Local universities have allowed some students back on campus to study or sit online exams if they lack computing devices or Internet access at home.
Group studying, however, will not be permitted. Some institutions said spot checks and video surveillance will be used to make sure that students adhere to safe distancing measures.
Nanyang Technological University (NTU) is allowing these students to stay in residential halls, while other universities have set aside study rooms for them.
The National University of Singapore (NUS) has arranged for a small group of students to study at designated spaces within the Kent Ridge and Bukit Timah campuses.
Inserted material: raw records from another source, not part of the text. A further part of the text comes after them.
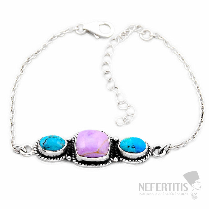 Ein schönes Silberarmband mit Phosphosiderit und Türkis. Ag 925. Phosphosiderit ist ein Talisman, der den Wunsch unterstützt, einen Weg zu finden, einen Teil des Lebens in einen gewünschten Zustand zu verwandeln. Lila ist die Farbe der Intuition, der Träume und des Luxus. Der wunderschön gefärbte Stein wird eine Dekoration für verschiedene Anlässe sein. Sie erwerben das abgebildete Schmuckstück.
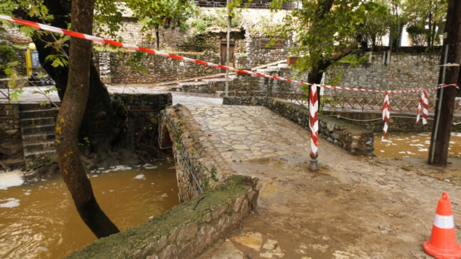 Το ποτάμι της Έρκυνας φούσκωσε επικίνδυνα στις πηγές της Κρύας, προκαλώντας ζημιές σε ένα από τα πανέμορφα πέτρινα γεφύρια του και φθορές στα ξύλινα γεφυράκια.
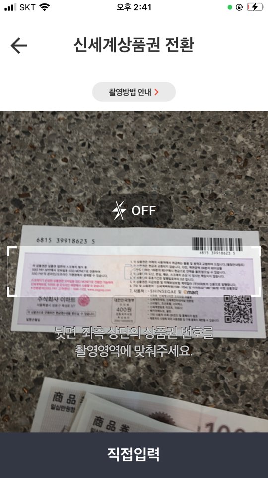 03. '신세계상품권 전환'을 누르면 바로 상품권 스캔촬영 카메라가 실행되고 바코드를 화면에 잘보이게 가져다대면 인식이 되어 상품권 번호가 저절로 입력이 됩니다.

Each student will be assigned to a specific venue he can use from 8.30am to 9pm daily until the deadline for assessments on May 9, said an NUS spokesman. Students who need computers are assigned a seat in a computer lab or are lent laptops.
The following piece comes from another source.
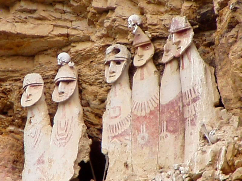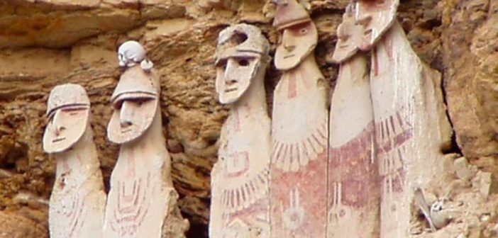 Alcune civiltà minori rimasero isolate, ed in seguito all’espansione imperiale delle grandi civiltà precolombiane che conosciamo, vennero gradualmente assimilate (sorte subita proprio dai Chachapoyas), poi successivamente disperse sul territorio conquistato. Quest’ultima manovra politica di re-insediamento chiamata “mitmac” allontanava dal territorio originale i suoi popoli, che così facendo perdevano gradualmente l’identità ed i contatti con gli altri della propria etnia, e quindi anche eventuali istinti di ribellione. Quando però i Conquistadores arrivarono in zona, gli Incas avevano da poco conquistato/occupato i territori del Popolo delle Nuvole. Quest’ultimo approfittò quindi dei nuovi arrivati per allearsi con loro contro gli oppressori imperiali facendo da apripista, da guide locali e persino combattendo al loro fianco. Gli autori spagnoli descrissero questo popolo come europei dal bell’aspetto ma con caratteristiche somatiche degli indigeni, dissero che le donne erano talmente belle da incantare gli uomini, e che questo spesso costava loro la schiavitù e matrimoni forzati con l’Inca e la casta dei nobili. Adesso però parleremo delle sepolture del popolo Chachapoyas che sono alle origini del mio interessamento alla questione. Per mantenere i propri riti funerari ed il proprio modo di seppellire i defunti, il “Popolo delle Nuvole” sfruttava le caverne sulle scogliere a picco, luogo non solo di difficile accesso, ma anche difficile da individuare se non conosciuto. Per fare un esempio di una famosa sepoltura di questo enigmatico popolo, possiamo parlare dei “Sarcofagos ò Purumachos de Karajia” dove osserviamo alcune incredibili statue erette, antropomorfe figure che sono praticamente quasi identiche ai Moai dell’Isola di Pasqua, scolpiti invece dai “Rapa Nui”. La differenza principale delle due tipologie di sculture sta essenzialmente nel materiale: mentre i Moai sono pietre megalitiche scolpite, le sculture funerarie dei Chachapoyas sembrano invece essere fatte di materiale impastabile come argille colorate e cotte al sole. Persino i copricapi ancora visibili in queste figure sono simili a quelli delle sculture dell’isola del Pacifico. Scavando nella cultura di questo popolo andino, si scopre che anche le sculture rituali, le maschere, ecc., somigliano in modo incredibile ai Moai. Tempo fa espressi una mia tesi sui popoli Rapa Nui, i Moai e la fine della civiltà dell’Isola di Pasqua, isola che un tempo doveva essere decisamente molto più estesa di ora. La mia teoria parlava di un mega tsunami di centinaia di metri che spazzò via parte dell’isola e interrò gran parte delle sculture (che dovevano essere guardiani che proteggevano qualcosa che doveva stare sulla parte più alta dell’isola stessa) con la terra trasportata dalla stessa onda. Oggi si sa (e lo feci notare anche io all’epoca) che dietro questi colossi ci sono raffigurazioni simili alle arcaiche tavolette di argilla sumere che narrano degli Annunaki, simili tra l’altro anche ad alcune raffigurazione degli Shardana della Sardegna (di recente è stata trovata proprio nell’isola una tomba in una caverna marina dove all’interno sono presenti reperti identici a quelli sumeri e trattano di un popolo marinaro) conosciuti in tutto il Mar Mediterraneo, e molto simili anche alle raffigurazioni Maya ed Azteche dei popoli marinari che tentarono l’invasione del Sud America.

NUS has converted venues such as lecture theatres and multi-purpose halls into self-study spaces. Larger venues have been divided into smaller sections, each with no more than 25 allocated seats, which are placed at least 2m apart.
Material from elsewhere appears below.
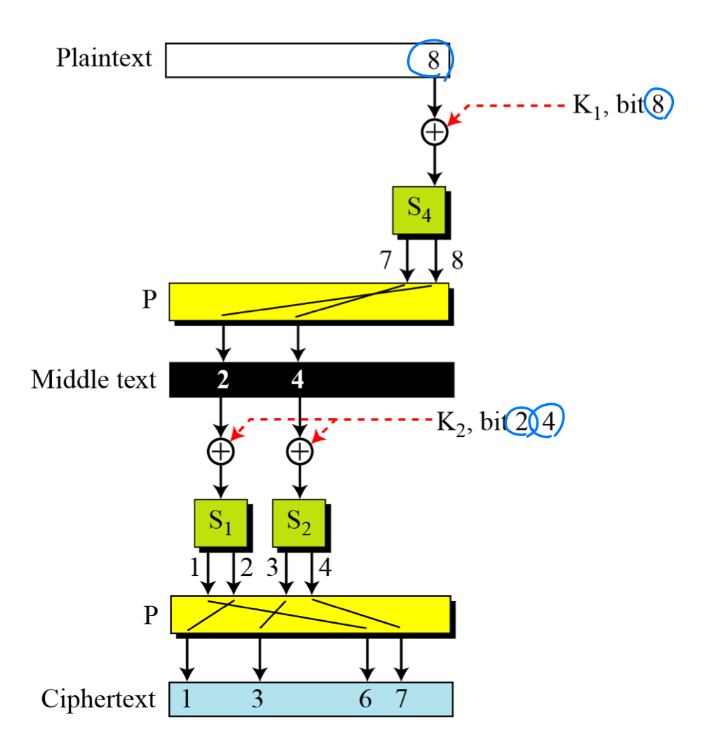 예제: 암호문 비트 1, 3, 6, 7은 키의 세 비트(K1의 비트 8, K2의 비트 2와 4)에 의해 영향받는다. 암호문 비트와 키 비트 사이의 관계가 모호해진다.

An NTU spokesman said it has offered students with genuine difficulties, such as an environment at home that is unconducive to learning, the option to stay in the residential halls.
"In keeping with the circuit breaker measures, students residing in the halls must not gather in groups and they may leave their rooms only for essential needs."
None of the universities gave the number of students that have applied to study on campus.
A Singapore Institute of Technology (SIT) spokesman said the main reasons students have asked to study on campus include a home environment unconducive to learning, and lack of Internet access and hardware, such as laptops and webcams.
SIT has been exploring solutions with each student. A helpdesk hotline is available for help with technical problems.
"For students who require hardware assistance, SIT is in the process of loaning laptops and SIM cards that will enable Wi-Fi connectivity," said the spokesman.
A spokesman for the Singapore University of Technology and Design said it provides information technology device support on a case-by-case basis. It has, for instance, lent devices to architecture and sustainable-design students to complete project work.
Singapore Management University (SMU) said it has allowed a handful of students who may have challenges taking online exams at home to do so on campus, in designated and separate rooms with safe distancing measures in place.
These students will be allowed on campus only for the duration of their online exams. SMU has also offered one student a room on campus for studying.
A spokesman for the Singapore University of Social Sciences (SUSS) said there are limited study spaces on campus. "Requests will be assessed carefully on a case-by-case basis and provided only to students with critical needs."
These students must key in their arrival and departure times and take their temperatures twice daily. They will not be allowed to mingle with others, he added.
SUSS is also providing online counselling sessions for students. Those facing sudden or immediate financial hardship arising from unexpected family and life situations can apply for help from the SUSS student-care fund.
The NUS spokesman said the university's clinic and counselling services continue to serve students during the circuit breaker period.
"The NUS helpline for psychological emergencies is also available round the clock," she added.